CB_forest$finalModel##
## Call:
## randomForest(x = x, y = y, mtry = param$mtry)
## Type of random forest: classification
## Number of trees: 500
## No. of variables tried at each split: 3
##
## OOB estimate of error rate: 19.41%
## Confusion matrix:
## No Yes class.error
## No 191 30 0.1357466
## Yes 36 83 0.3025210
The results of the using of mtry = 3, shows that the model correctly predicted 83 customers will buy and 36 incorrect predictions. Similarly, the model predicts 191 customers will not buy and 30 predictions incorrectly.

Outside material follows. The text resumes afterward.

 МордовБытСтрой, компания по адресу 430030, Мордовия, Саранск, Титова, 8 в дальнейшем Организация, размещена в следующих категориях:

Let’s test our random forest model to our CB_test dataset.
forest_pred <- predict(CB_forest, CB_test_Val)
forest_pred## [1] No No No No No No No Yes No No No Yes No No No No No Yes No
## [20] No No No No Yes No No No No No No No No No No No No No Yes
## [39] Yes Yes Yes No Yes Yes Yes No No No Yes Yes Yes No Yes No Yes Yes No
## [58] No Yes No
## Levels: No Yes
(conf_matrix_forest <- table(forest_pred, CB_test$Purchased))##
## forest_pred No Yes
## No 33 9
## Yes 3 15
The results of the confusionmatrix shows that the Random Forest classification correctly predicted 15 customers will buy and 3 incorrect predictions. Similarly, the model predicts 33 customers will not buy and 9 predictions incorrectly. What is the level of accuracy?? Let’s see below.

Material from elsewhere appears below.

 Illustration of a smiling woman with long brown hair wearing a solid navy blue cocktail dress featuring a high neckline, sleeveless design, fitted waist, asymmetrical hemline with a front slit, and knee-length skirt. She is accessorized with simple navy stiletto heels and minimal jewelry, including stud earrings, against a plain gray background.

(rf_cm <- confusionMatrix(conf_matrix_forest))## Confusion Matrix and Statistics
##
##
## forest_pred No Yes
## No 33 9
## Yes 3 15
##
## Accuracy : 0.8
## 95% CI : (0.6767, 0.8922)
## No Information Rate : 0.6
## P-Value [Acc > NIR] : 0.0008097
##
## Kappa : 0.5652
##
## Mcnemar's Test P-Value : 0.1489147
##
## Sensitivity : 0.9167
## Specificity : 0.6250
## Pos Pred Value : 0.7857
## Neg Pred Value : 0.8333
## Prevalence : 0.6000
## Detection Rate : 0.5500
## Detection Prevalence : 0.7000
## Balanced Accuracy : 0.7708
##
## 'Positive' Class : No
##
Based on business questions, the best metrics are
accuracy & sensitivity/recall. Because we
want to predict whether a customer will buy or not the product.

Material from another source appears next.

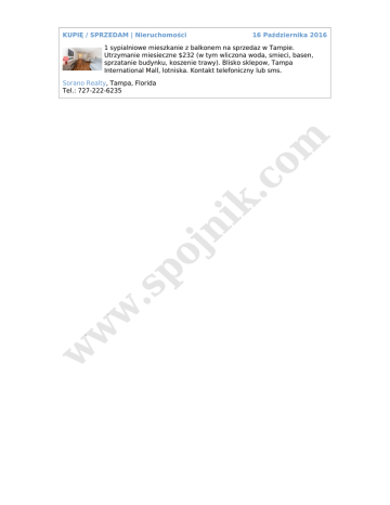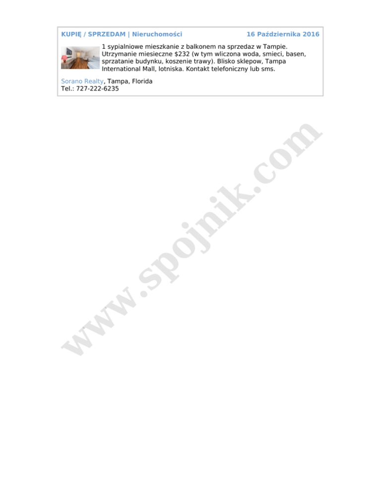 KUPIĘ / SPRZEDAM | Nieruchomości 16 Października 2016 1 sypialniowe mieszkanie z balkonem na sprzedaz w Tampie. Utrzymanie miesieczne $232 (w tym wliczona woda, smieci, basen, sprzatanie budynku, koszenie trawy). Blisko sklepow, Tampa International Mall, lotniska. Kontakt telefoniczny lub sms. w w w .s po jn ik .c o m Sorano Realty, Tampa, Florida Tel.: 727-222-6235

(eval_nb <- data_frame(Accuracy = nb_cm$overall[1],
Recall = nb_cm$byClass[1],
Specificity = nb_cm$byClass[2],
Precision = nb_cm$byClass[3]))(eval_dt <- data_frame(Accuracy = dt_cm$overall[1],
Recall = dt_cm$byClass[1],
Specificity = dt_cm$byClass[2],
Precision = dt_cm$byClass[3]))(eval_rf <- data_frame(Accuracy = rf_cm$overall[1],
Recall = rf_cm$byClass[1],
Specificity = rf_cm$byClass[2],
Precision = rf_cm$byClass[3]))Based on the evaluation above, it can be seen that the results of the Naive Bayes & Decission Tree have a similar and better accuracy and sensitivity/recal than Random Forest.
So it was decided that we can use Naive Bayes & Decission Tree model to answer future business questions.